Qualquer definição de cultura é redutora, e sentimo-lo quando estamos confinados em casa, privados de espaço público. Porque sem cultura, os dias, mais do que cinzentos, seriam vazios, sem sentido. Cultura também pode ser o culto do futebol, na parafernália de camisolas e cachecóis; é também a nossa relação com a ciência. Porque, segundo Leonardo da Vinci, atrás de um pensamento está uma emoção. Uma emoção que é interior, mas que também é partilhada. 

Nesse sentido, cultura é muito mais do que o sector cultural e criativo. A cultura está nos novos projectos, nas ruas, na criatividade e na disrupção, mas também na preservação da memória, nas grandes salas de outrora, da ópera ao cineteatro, ao museu e ao monumento. E vai muito além das políticas sectoriais, porque está presente em várias dimensões dos nossos dias. A cultura pode até fazer a diferença, para fazer um dia valer a pena. 

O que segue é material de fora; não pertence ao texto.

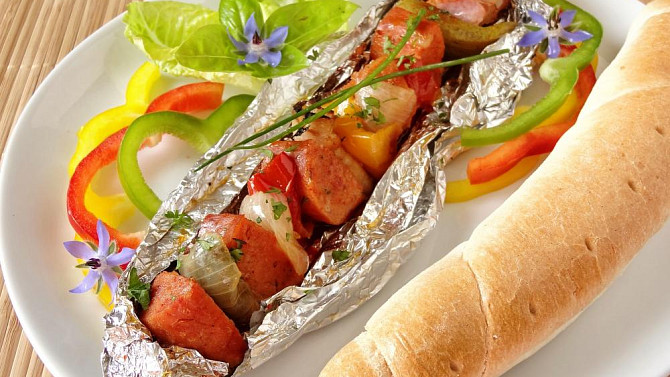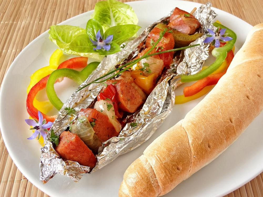 Krok 5: Vložíme do vyhřáté trouby a pečeme asi 30 minut. Poté odstraníme alobal a špízy podáváme s čerstvou zeleninou a pečivem.

É por isso que temo uma desconsideração da cultura, quando 2020 traz tantos problemas para resolver. É que ter salas vazias, sem cuidar da sobrevivência da produção cultural, é um problema incalculável. Um afastamento da cultura significa indiferença perante o mundo, e faz crescer a desmemória e a despertença. Nesse vazio existencial, cresce o medo, dos problemas reais e imaginários, que o mundo possa ser tão aberto, ou que haja espaço para a diferença. Alastra a intolerância, enquanto cresce a apatia. E ganham poder as soluções simplistas e redutoras, do “não ter medo da pandemia" que afecta “maricas”.

Perante ameaças de ficarmos presos em arquipélagos, só pode haver haver mais confiança na troca cultural. Em manter vivo um sector, e também quem dele vive, e a integrá-lo cada vez mais em redes. Porque é também a dar voz ao que de melhor se faz lá fora, que o que se cria cá dentro ganha expressão. Porque a pandemia mostrou, uma vez mais, como estamos todos ligados, e como a resposta aos grandes problemas só pode ser conjunta, mas apoiada na nossa diversidade.

Essa atitude mantém-se, entre artes e ciências, porque num ano em que é tão difícil fazer planos, a necessidade de adaptação foi transversal em todas as áreas. Enquanto os laboratórios mudaram linhas de investigação científica em todo o mundo, as instituições culturais fizeram um trabalho de bastidores de reprogramação, nem sempre visível pelo público. Porque, entre salas com metade da lotação e salas de exposição que fecham mais cedo, poderão até surgir novos formatos neste novo normal. 

Entretanto, criadores de várias áreas transmitem online o que fazem, a partir de casa, melhorando o confinamento de quem os vê. Mas, mais do que pedir salas cheias, é preciso manter o que poderá fazer ainda mais falta no futuro, quando tudo isto passar.